Johnson, who attended the festival with her mother, attended Portland State University in the early 2000s. “There’s been so much growth since the time I went to school in the early 2000s. Everywhere, there are these economic realities that are really hard for everybody … with not getting their needs met.”

But none of that is indicative of danger or anything rising to the level of insurrection or riot, two reasons that the president is legally allowed to deploy the National Guard to a domestic city.
“It feels very extreme, and nowhere is really that way,” Johnson said.
Her mother, Boyer, said people should be more discerning and critical of what they learn via national news and other avenues, and question that information’s veracity. “What have you seen?” Boyer said. “Is that true?”
Another festival attendee, Caitlyn Jamieson would agree. “I had a lot of people reach out especially in the past couple weeks [writing], ‘I hope you’re safe.’ Safe from what, you know?” she said, laughing.

She, too, wants people, both in Portland and around the country, to engage in more critical thinking and empathy when evaluating the information they hear. “Rather than send me a text that says ‘I hope you’re okay,’ be like, ‘what’s really going on?’” she said.

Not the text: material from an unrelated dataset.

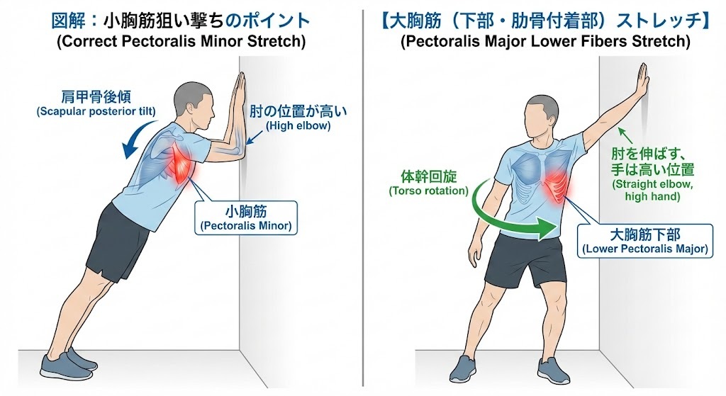 小胸筋を効率よく伸ばすには、大胸筋(特に鎖骨部・胸肋部)の影響を避け、

The facts surrounding the protests at Portland’s ICE facility –– including the degree of violence that characterized them –– played a central role in the rulings issued by Judge Karin J. Immergut, a federal judge in the Oregon U.S. District Court who presided over the legal suit brought by the State of Oregon challenging the National Guard’s deployment.
On Nov. 7, she issued a permanent injunction to the deployment of the National Guard in Portland, finding that the president exceeded his authority in ordering the deployment. The permanent block follows temporary restraining orders Immergut issued, including one in early October, in which she wrote, “the President’s determination was simply untethered to the facts.”